Exercise requirements: Skip pictures in the listing below; copy exactly the lines from the one with "哈萨克斯坦:穆尔扎加利耶夫得" through the one with "This painting of", inclusive.

Provided material:
════════
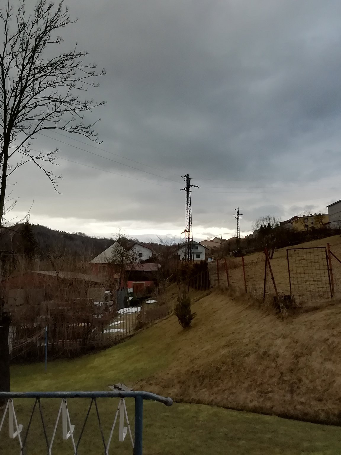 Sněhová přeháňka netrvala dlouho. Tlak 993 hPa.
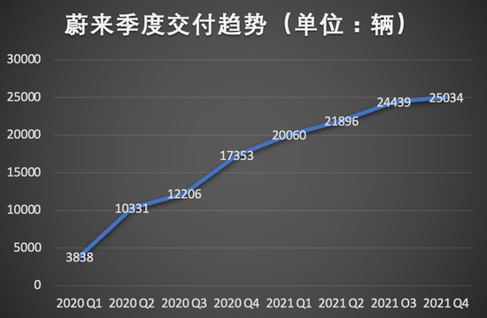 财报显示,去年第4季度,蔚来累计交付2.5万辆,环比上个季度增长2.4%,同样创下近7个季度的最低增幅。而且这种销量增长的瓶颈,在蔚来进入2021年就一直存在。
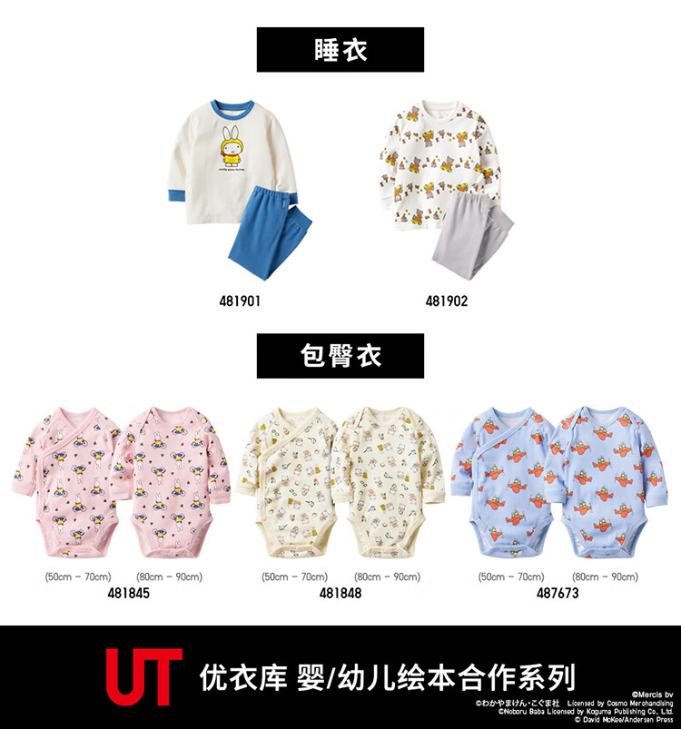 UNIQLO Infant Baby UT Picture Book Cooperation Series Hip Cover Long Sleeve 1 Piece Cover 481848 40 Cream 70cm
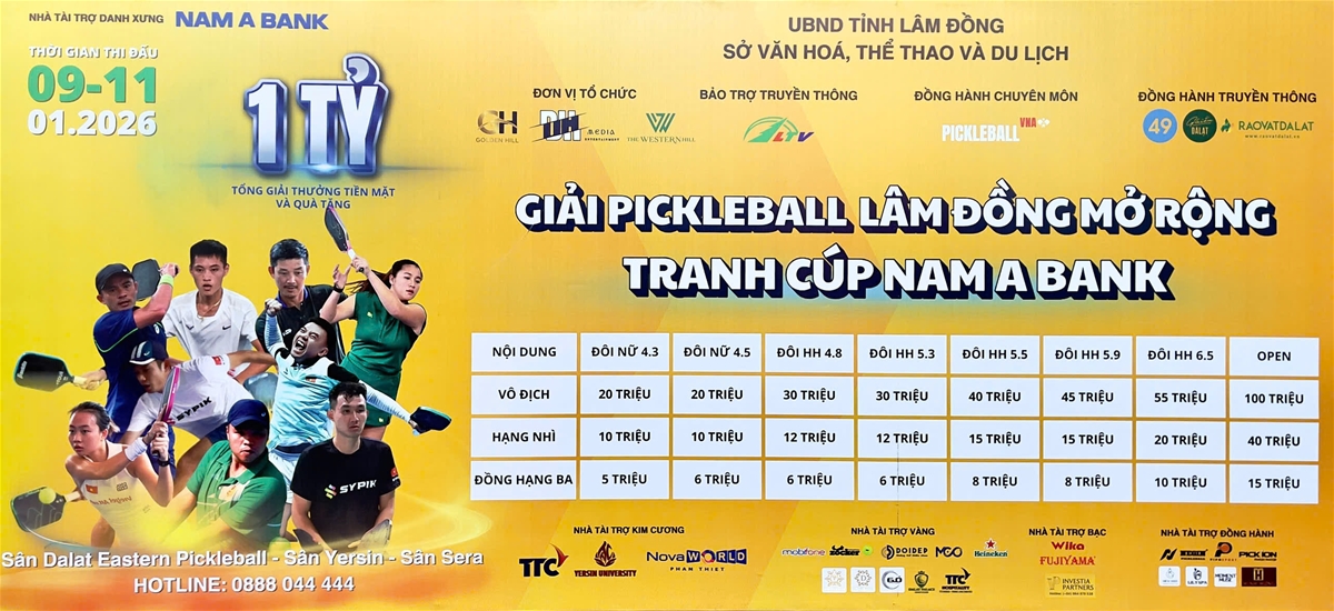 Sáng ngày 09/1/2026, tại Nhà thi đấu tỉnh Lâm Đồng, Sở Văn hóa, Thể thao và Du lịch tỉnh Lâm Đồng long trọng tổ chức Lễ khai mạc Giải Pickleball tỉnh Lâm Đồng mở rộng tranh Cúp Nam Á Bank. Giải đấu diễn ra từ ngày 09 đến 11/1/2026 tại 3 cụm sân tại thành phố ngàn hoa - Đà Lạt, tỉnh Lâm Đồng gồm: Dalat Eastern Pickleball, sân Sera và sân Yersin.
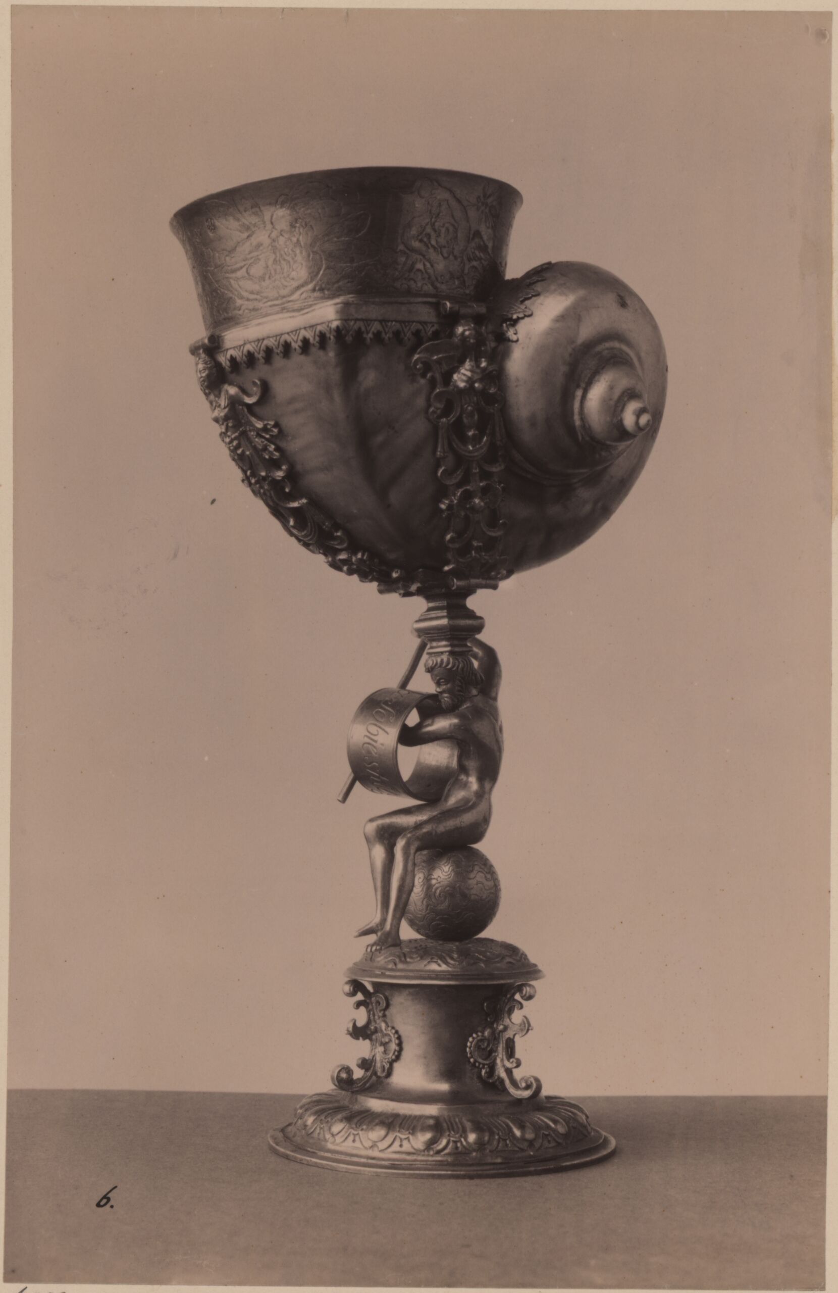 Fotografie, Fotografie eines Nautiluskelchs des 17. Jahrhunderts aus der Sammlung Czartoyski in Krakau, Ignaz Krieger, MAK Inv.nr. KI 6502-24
════════
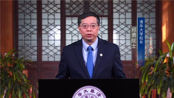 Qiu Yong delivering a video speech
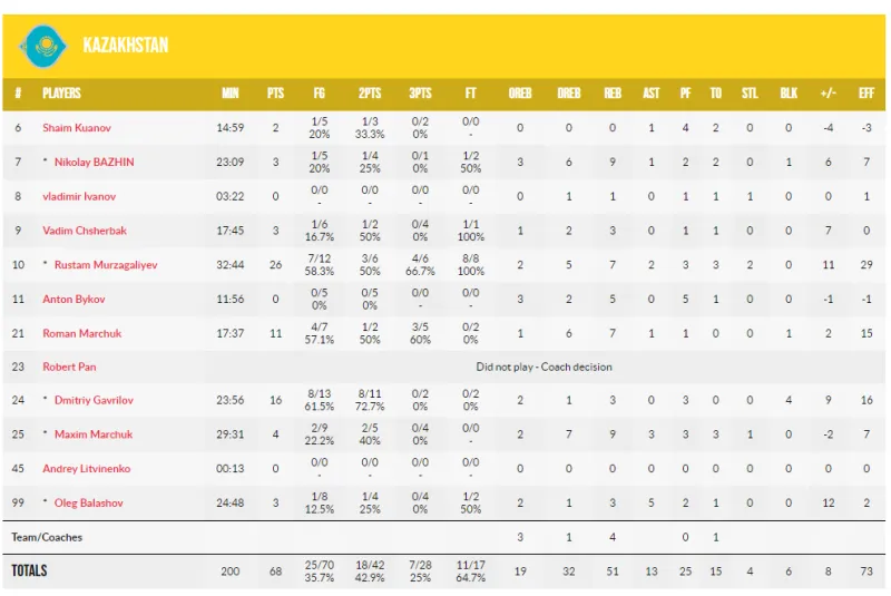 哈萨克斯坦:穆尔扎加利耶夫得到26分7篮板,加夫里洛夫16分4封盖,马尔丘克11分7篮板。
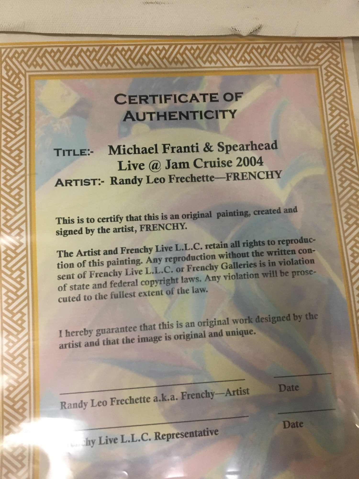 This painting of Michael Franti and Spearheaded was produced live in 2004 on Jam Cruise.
════════
Expected output:
 哈萨克斯坦:穆尔扎加利耶夫得到26分7篮板,加夫里洛夫16分4封盖,马尔丘克11分7篮板。
 This painting of Michael Franti and Spearheaded was produced live in 2004 on Jam Cruise.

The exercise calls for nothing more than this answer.